Data Protection implications of the European Health Data Space Regulation

Chair: Dipak Kalra

 

Abstract

This session aims to highlight those measures in the EHDS regulation that are expected to have implications for DPOs:

  • matters that healthcare organisations will need to have robust approaches to inform patients about, collect consent or opt out choices about
  • matters that regional and national health agencies will have to orchestrate through their healthcare providers and to engage with the public about
  • matters that data users such as clinical research will need to take account of

 

The main topics that will be presented and discussed include the enhanced GDPR rights to portability that will grant patients the right to download and share parts of their EHR, choices of data inclusion within EHRs, patient rights to opt out of sharing parts of their EHR between providers and/or cross border (e.g. genetic data) and their rights to opt out of their data being used for particular kinds of secondary use. Whilst these rights will be formalised at Member State level, they will be actioned at all levels through to the patient/citizen. There will be challenges with public education, implementing these new patient choices in an equitable way, potential workload implications on health professionals, DPOs and ICT departments, potential risks with incomplete data being shared for continuity of care and the introduction of new kinds of bias within secondary use data sets.

 

Structure

 

This 90 -minute session will begin with three 15-minute presentations.

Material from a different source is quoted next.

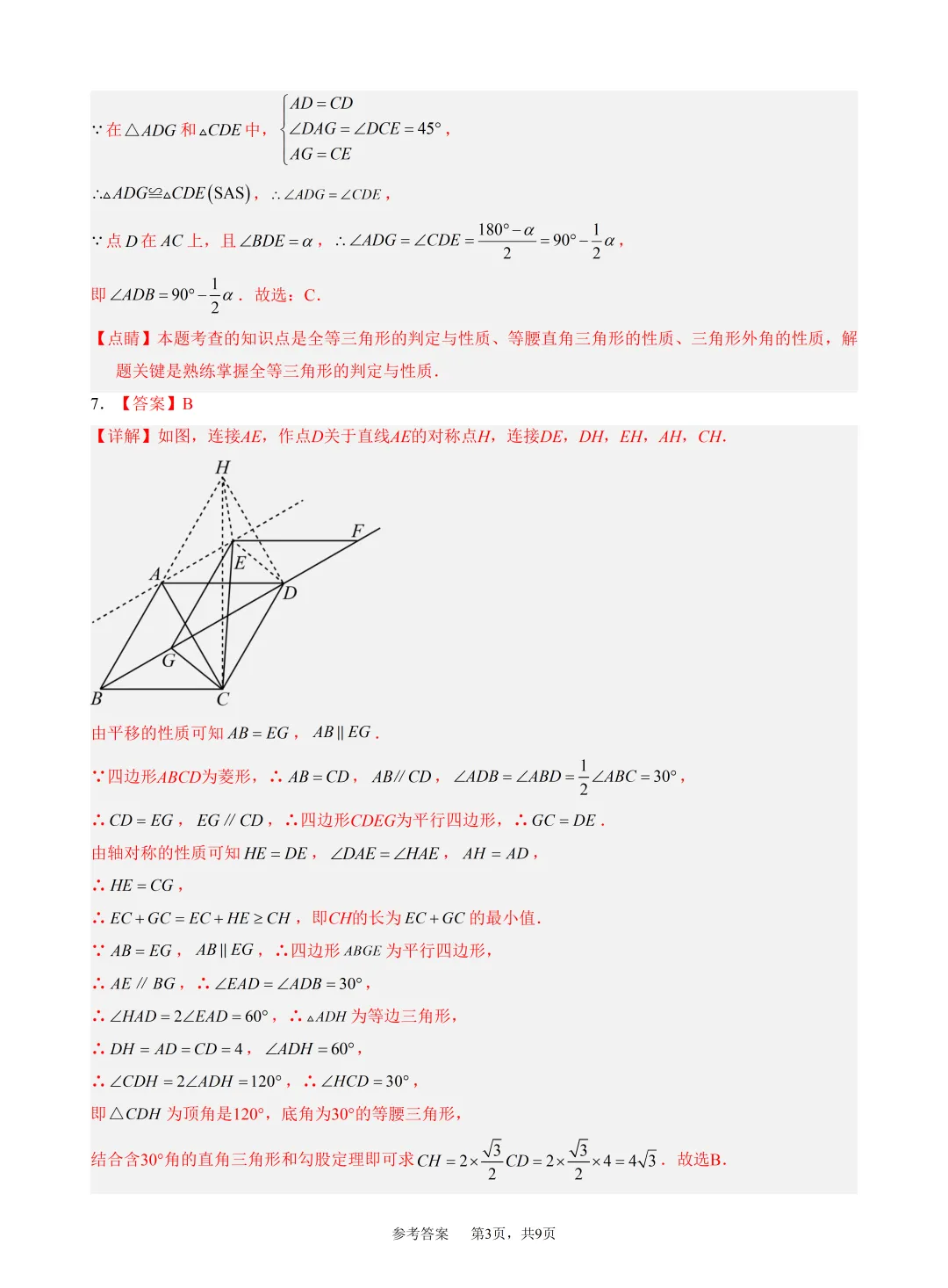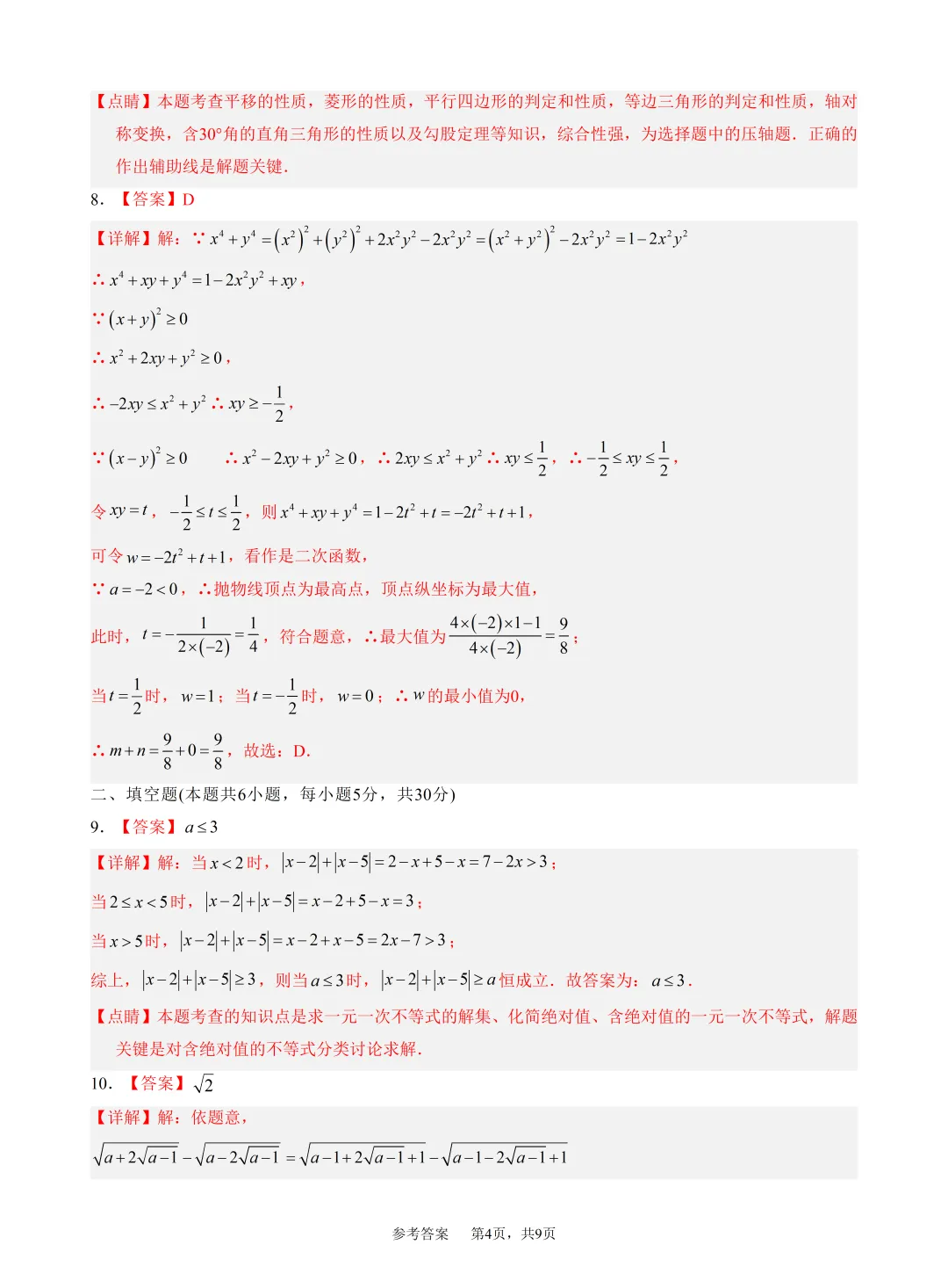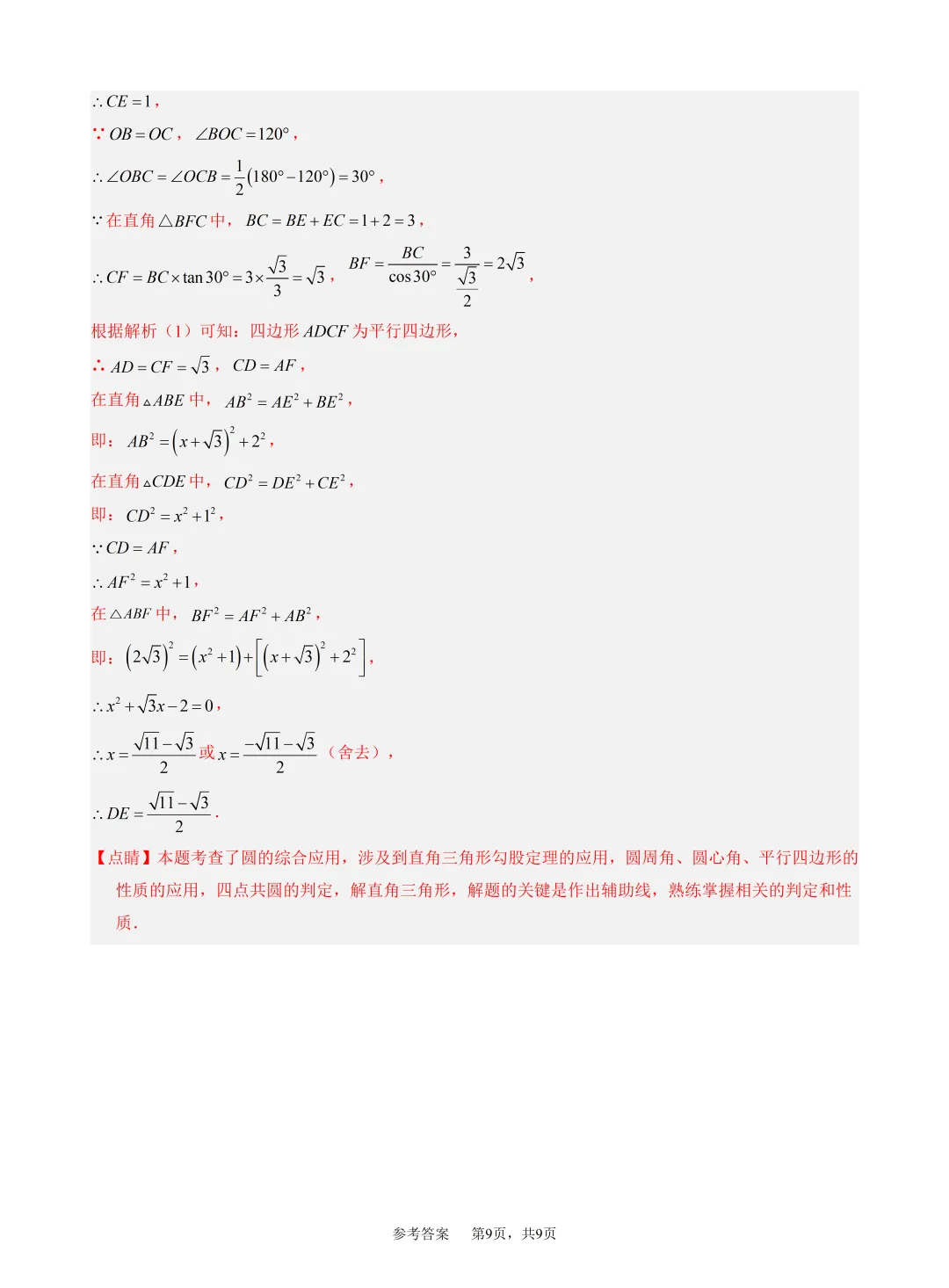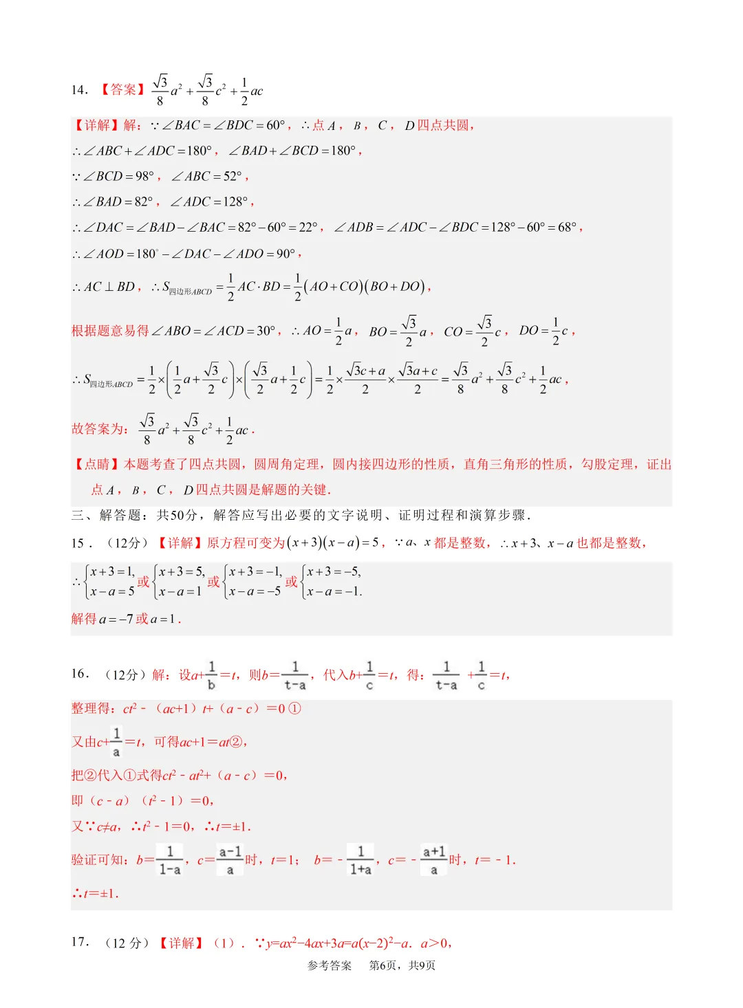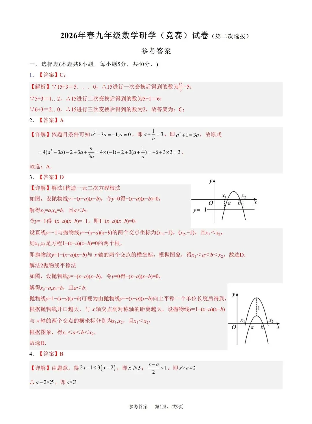 2026年春九年级数学竞赛(研学)试卷参考答案

Speakers to invite:

 

  1. Petra Wilson, Health Connect Partners: legislative and data protection view on the EHDS Regulation, the new patient rights and their anticipated implications for DPOs
    [Confirmed]
  2. Deborah Mascalzoni, Associate Professor in Biomedical Ethics at Uppsala and lead of the ELSI Research Group at Eurac: the ethical implications for patients and the public when the opt outs are introduced
    [Confirmed]
  3. Milana Trucl, Policy Officer at the European Patients’ Forum: engaging the public in understanding and exercising their EHDS rights and choices

This will be followed by a 40-minute panel discussion between them on the challenges that the Regulation will place on different healthcare and research stakeholders, and what practical measures might best enable EHDS success. Time will be included for audience questions and interaction. The session will close with a final summing up of key considerations that policy makers should take on board.